Uma das caças às bruxas mais conhecidas foi a histeria coletiva que acometeu a comunidade da cidade de Salem, nos Estados Unidos, em 1692, quando inocentes foram mortos devido a uma calúnia levantada por um grupo de adolescentes. A caça às bruxas alimenta toda forma de ditadura e discriminação, e impõe limites rígidos por temer o poder da livre escolha e a expressão criativa de cada um.

Ilustração mostrando uma execução de suposta bruxa em Boston, EUA, em 1656 (Ilustração de Frank Thayer Merril, 1886).

O perseguidor sempre abomina o perseguido porque enxerga nele o que não admite ver em si mesmo, e teme perder um poder fictício que crê possuir. O medo do diferente, do desconhecido e de olhar para si mesmo em profundidade estimula insegurança, rejeição, discórdia, preconceitos e violência de todos os matizes.
A caça às bruxas pode surgir de maneira aparentemente inofensiva, às vezes como uma fofoca, uma maledicência venenosa ou irresponsável. Essa é uma maneira sub-reptícia e corrosiva de caça às bruxas que atua nos subterrâneos da mente das pessoas, mina relações interpessoais e distorce princípios. A fofoca daninha revela o desespero de indivíduos para provar que seus defeitos não existem, e acreditar que as outras pessoas são portadoras deles de forma exponencial.
Muitas vezes, uma fofoca aparentemente sem importância atinge tamanha força que leva à destruição de sonhos e projetos grandiosos. Por outro lado, a fofoca geralmente surge da inveja e do medo, ou da falta de transparência de intenções e clareza de atitudes daquele que é alvo dela.

(Foto:Glenda Otero).

Tudo isso nos mostra o quanto é importante o autoconhecimento, a coragem e a honestidade; enfim, a vivência dos valores humanos. As transformações começam pelo diálogo com a própria sombra.

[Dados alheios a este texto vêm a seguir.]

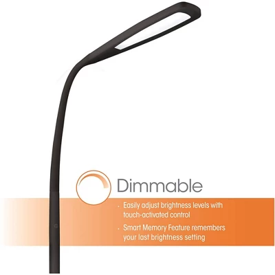 This hardworking LED floor lamp from OttLite seemingly does it all. Super bright LEDs produce a natural day quality light up to 700 lumens. The 12 1/2 inch LED array tops an adjustable column and rubberized gooseneck for a versatile light capable of providing a wide area of illumination. Touch-dimmer allows for simple operation, while a smart memory features automatically remembers your most recent brightness setting. In a matte black finish.

É o modo de abrir portais interiores para a compreensão e aceitação de si mesmo e das potências negativas e positivas que carregamos. A partir daí, superamos limites e remapeamos os caminhos da alma. Isso descontamina o olhar e redefine nosso comportamento, ideais e atitudes perante a vida.
Encarar a própria sombra pode transformar adversários em aliados e aproximar, pelo coração, aqueles que, acuados, preferem construir trincheiras a compartilhar. Aceitar que temos um lado escuro, ou pelo menos nebuloso e sombrio, é o primeiro passo para superar a tirania do ego vaidoso, manipulador e controlador que alimenta uma constante guerra de opostos.
O ego personalidade se alimenta de ignorância espiritual; por isso, nutre preferências e aversões, gerando separatividade e agressividade. O exercício da espiritualidade em todas as tradições espirituais leva à vivência natural e diária dos valores humanos. Esses valores revelam o esplendor da nossa humanidade e abrem portais interiores que nos convocam para agir em parceria, como agentes de transformações.
Então, o divino em nós se revela, ilumina a sombra e permite o compromisso do corpo, da mente e do espírito com a Verdade.

Marilu Martinelli é atriz. jornalista, escritora, educadora, professora de Mitologia Universal e Filosofia Oriental. Consultora para Formação do Educador em Valores Humanos e Formação de Lideranças Empresarias e Gerenciamento em Valores. Professora da UNIPAZ e UNIBEM. Especialista em Desenvolvimento Humano. Professora convidada da Universidade Católica de Arequipa e Universidade Federal de Lima, Peru.